Dan gaat het niet om de prestatie die de gemiddelde platenspeler neerzet. Die komt vaak niet eens in de buurt van cd-weergave. Het gaat dan om de hogeschool van de analoge kunst. Prestatielevels vanaf een plaat of tape die velen helaas nog nooit in optimale omstandigheden hebben mogen beleven. Dat verschil bestaat uit realisme, plasticiteit, verdere dynamiek en verdere snelheid. Analoog geluid op zo’n niveau veroorzaakt méér het gevoel alsof je naar een live-presentatie luistert. Als je het naast elkaar beluistert, dan is het verschil ogenblikkelijk duidelijk, maar het is in woorden best moeilijk te vatten. 

ZeroUno DAC - Conclusie

De ZeroUno DAC kenmerkt zich door de fraaie en degelijke constructie. In- en uitgangen zijn bijvoorbeeld echte Neutriks. De vormgeving is enigszins retro. De engine bestaat uit de inmiddels zeer bekende ESS ES9018 DAC. Fabrikanten voegen daar hun eigen infrastructuur aan toe. Mario Canever doet dat vanuit een enorme technische materie-kennis. Dat doet volledig recht aan de sublieme kwaliteiten van de 9018. De ZeroUno DAC heeft iets ambachtelijks. Binnen de gekozen budgetklasse is het haast een cost-no-object product geworden. Die subliem uitgevoerde techniek staat volledig in dienst van de weergave van muziek.
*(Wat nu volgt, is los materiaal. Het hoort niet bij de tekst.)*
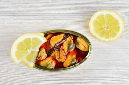 tin pickled mussels, slice lemon and fork on gray marble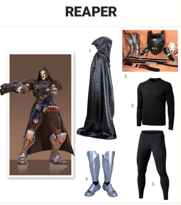 Cosplay The Reaper met een eenvoudig zwart atletisch shirt en een compressiebroek voor heren. Draag vervolgens een zwarte cape met capuchon, zodat mensen niet herkennen wat hen nadert. Trek tot slot de Reaper Shoes en de Reaper Costume Props aan. Nu ben je klaar om de levenloze lichamen van je meest hatelijke vijanden achter te laten!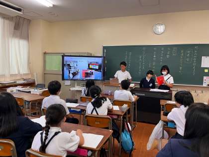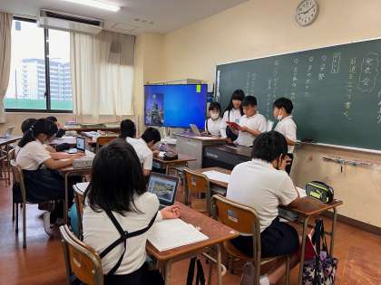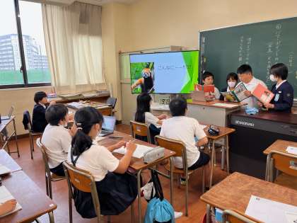 国語では「地域のみりょくを伝えよう」ということで、グループに分かれて栄の魅力、大阪の魅力をプレゼンしました。パワーポイントは初めて使いましたが、写真や文字などを効果的に使って発表することができました。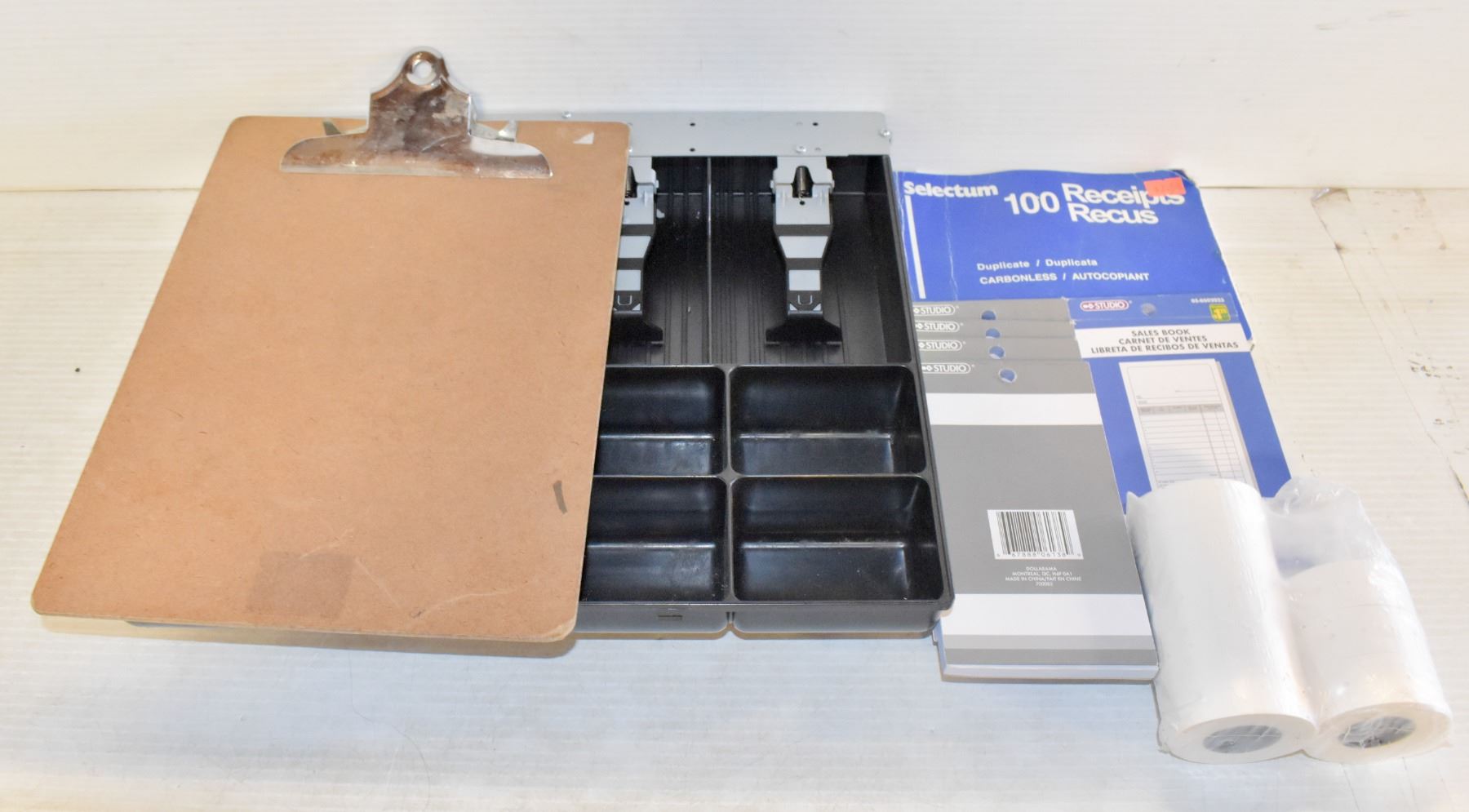 CASH TRAY, 5 NEW BILL BOOKS, CLIP BOARD, PRICE STICKERS

Dat doet deze CanEVER dan ook voortreffelijk. Een betere DAC in deze prijsklasse zal nauwelijks vindbaar zijn. In vergelijking met andere op de ESS-chip gebaseerde DAC’s zijn er uiteraard verschillen. Die zijn klein en vaak subtiel. Soms is er uit zo’n 9018 net iets méér te halen, maar dan valt zo’n converter weer in een heel andere budgetklasse. Wie het prijsje voor deze DAC wil aftikken, beschikt voor dat geld over een van de mooiste en analoog klinkende DAC’s. Het ding maakt echt muziek.